First of all what is the 'desired solution' I wonder? John is using terminology here which obfuscates my argument that the exact amount of information as well as the exact nature of the binding sites is contingent on mutation and selection. Dembski and others may have suggested that 'variation and selection can be good conduits of information, but they never generate information' but this seems irrelevant to the argument. Conduits of information is exactly what mutation and selection is all about.
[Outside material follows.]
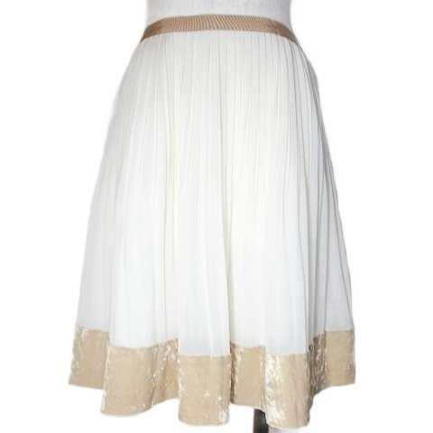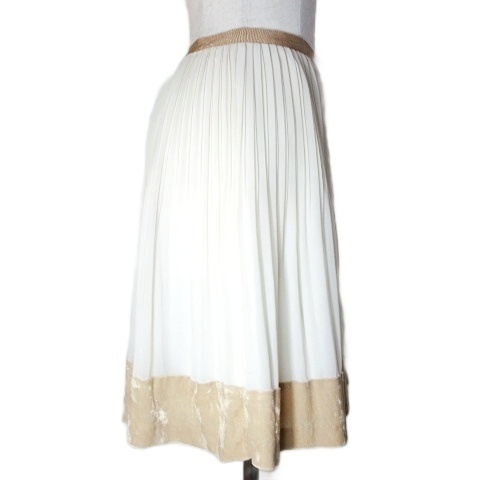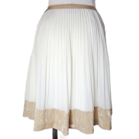 アンタイトル UNTITLED 小さいサイズ スカート プリーツ ひざ丈 ベロア切替 0 XS相当 アイボリー ベージュ ■YHS6 /X レディース

Mutation generates the variation and the environment through selection (mutual information) injects information into the genome.
Thus John seems to miss the point when he, I assume somewhat tongue in cheek comments that "It would be better for Schneider's program to just output the information in the "sitelocations" array directly--then it would have a 100% success rate, and the same information would get output!"
John still seems to be ignoring that the information 'location of the sites' is different from the 'information at these sites'.
I am not sure what John wants to argue with his final sentence "In fact, it takes quite a lot of intelligent design to get the inputted information into a form that can be exploited by a variation/selection mechanism and transmitted to the output. "
Certainly John is not arguing that our modeling of mutation and selection in nature is in any form evidence of the requirement for intelligent design or even a necessity?
I believe that I have answered your question namely that your question is at most a red herring, distracting from the information increase at the binding sites by focusing on information needed to specify the binding sites.
Let me finally comment on mutation and selection being a poor conduit of information as an explanation for the contingency found in Ev.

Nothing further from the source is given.